TES RCT Fleet Enema vs Oral Mechanical Bowel Prep (TESEO)

August 24, 2024 updated by: Katerina Neumann, Nova Scotia Health Authority

Transanal Endoscopic Surgery: a Randomized Controlled Trial Comparing Fleet Enema vs Oral Mechanical Bowel Prep (TESEO Trial)

There is no consensus about the best bowel preparation prior to transanal endoscopic surgery TES). Cleanliness and visibility in the rectosigmoid and rectum are of utmost importance, possibly even more so than during colonoscopy, to facilitate safe, precise and efficient resection of the rectal lesion and potentially adequate closure of the defect. Both Fleet enemas and oral mechanical bowel preparation are considered standard of care in preparation for TES. This single center two arm single blinded randomized controlled trial will compare the effectiveness of Fleet enemas in comparison to Pico Salax oral mechanical bowel preparation in cleansing the rectum as measured by a modified version of the Ottawa Bowel Prep Scale.

Study Overview

Status

Recruiting

Detailed Description

Oral mechanical bowel preparation with Pico Salax (picosulfate sodium, magnesium oxide, and citric acid) or alternative is considered a standard modality for cleansing the entire colon prior to colonoscopy or surgical procedures. Fleet enemas are sodium phosphate-based laxatives in the form of a liquid inserted rectally, which are also very effective at evacuating the solid stool from the sigmoid and rectum in preparation for procedures such as flexible sigmoidoscopy or anoscopy, which only require visualization of the distal colon and rectum. Commonly, endoscopists use the well validated bowel preparation scores such as the Boston Bowel Prep Score, Aronchick Scale or the Ottawa Bowel Prep Scale when evaluating the effectiveness of such bowel preparation regimens at clearing away all debris and opaque liquid from the colon. Few studies have been performed to evaluate whether an oral mechanical bowel preparation or a rectal application by means of fleet enemas or alternatives gives better visibility or is preferred by the patient. A randomized controlled trial comparing two fleet enemas with an oral preparation that consisted of magnesium citrate and two Dulcolax tablets for flexible sigmoidoscopy, were able to show that patient acceptance, encounter time, technical ease, quality of colon preparation was significantly better with the oral form of colon preparation than with standard fleet enemas. On the other hand, another randomized controlled trial were able to show that fleet enemas were superior to picosulfate based oral bowel preparation for flexible sigmoidoscopy while also showing a decreased incidence of associated adverse symptoms, and better patient tolerance. Conflicting studies exist. Both bowel regimens are considered standard of care in preparation for surgery of the sigmoid and rectum. Fleet enemas seem to be the preparation most commonly used for flexible sigmoidoscopy.
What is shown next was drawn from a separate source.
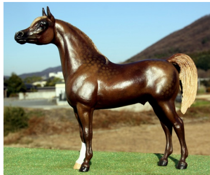
RESERVE CHAMPION REPAINT: AL DHAHAB AL'ASWAD (SM)

Repaint w/Hair M/T: Trad. or Larger (17): 1-Dane Tyler Bennington (LoB), 2-Ibn Samekh (AP), 3-Milwaukee Rascal (SSu), 4-Minstrel's Joy (AP), 5-Lakota Diamond (EH), 6-Paisano (NF), 7-Cayenne's Cyette (SSu), 8-Bint Kareyma (SSt), 9-Malika (SSt), 10-Red Eagles Snow Leopard (SSu), HM-Tex-Sun's Rosita (SSu)
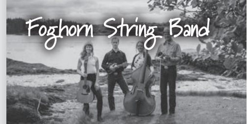
Foghorn String Band

Transanal endoscopic surgery (TES) is a minimally invasive technique used to perform full thickness excisions of rectal lesions (benign and malignant) with precision, allowing access to lesions in the rectum as high as 22 cm from the anus. The technique can be performed using either the rigid transanal endoscopic microsurgery (TEM) platform or the flexible port termed transanal endoscopic minimally invasive surgery (TAMIS). The technique decreases risk of positive margins and local recurrence in comparison to standard local excision techniques in the operating room. It is the preferred method of local excision of rectal lesions. As with polyp detection and removal during flexible sigmoidoscopy, TES for rectal neoplasms requires excellent visibility and minimization of debris in order to be able to perform the precise excision of the lesion and help facilitate closure of the full thickness defect in the rectal wall. TES is performed globally with no consensus about the optimal bowel preparation regimen for achieving visibility and facilitating the easiest, most efficient and safest dissection.

Objectives:

The primary objective of this study is to determine whether oral Pico Salax bowel preparation regimen achieves a higher score on the Ottawa Bowel Prep Scale specifically for the rectosigmoid segment in comparison to 2 fleet enemas during TES.

The secondary objectives include validation of the Ottawa Bowel Prep Scale specifically for use with fleet enemas or Pico Salax for the rectosigmoid segment during TES; determining if there are differences in length of time spent cleaning the operative field by the surgeon; the ability to close the defect; post-operative short-term complications, and patient tolerability of the preparation.

This study will serve as a pilot study for a potentially larger multi-center pan Canadian RCT. The TEMPEST group is a collaboration of TES trained surgeons across Canada at tertiary care teaching hospitals, involved in research collaborations. The results of this study will be used to see if randomization to two different bowel regimens in this very select group of patients undergoing trans-anal surgery is feasible and can yield informative data. The study will be powered for the primary objective, but we will be collecting data on numerous secondary objectives which may show important trends. If the study proves to be feasible, the next step would be to expand the study to several other centers across Canada as part of the TEMPEST collaborative, in order to collect much larger datasets and the power to look much more closely at not only the primary objective but also the secondary objectives.

Study Type

Interventional

Enrollment (Estimated)

66

Phase

  • Phase 4

Contacts and Locations

This section provides the contact details for those conducting the study, and information on where this study is being conducted.

Study Contact

Study Locations

    • Nova Scotia
      • Halifax, Nova Scotia, Canada, B3H 2Y9

Participation Criteria

Researchers look for people who fit a certain description, called eligibility criteria. Some examples of these criteria are a person's general health condition or prior treatments.

Eligibility Criteria

Ages Eligible for Study

18 years to 75 years (Adult, Older Adult)

Accepts Healthy Volunteers

No

Description

Inclusion Criteria:

  • undergoing transanal endoscopic surgery at the QEII Health Sciences Center in Halifax by one of the colorectal trained surgeons

Exclusion Criteria:

  • chronic constipation not well controlled with diet or stool softening agents
  • previous pelvic radiation
  • inflammatory bowel disease
  • repeat transanal surgery for the same lesion
  • patient unable to self-administer enemas
  • patient unable to tolerate either of the 2 bowel preps due to medical reasons
  • age over 75
  • clear diagnosis of congestive heart failure
  • daily use of Lasix or similar loop diuretic
  • chronic steroid use
  • Transanal Endoscopic Surgery combined with another surgical procedure

Study Plan

This section provides details of the study plan, including how the study is designed and what the study is measuring.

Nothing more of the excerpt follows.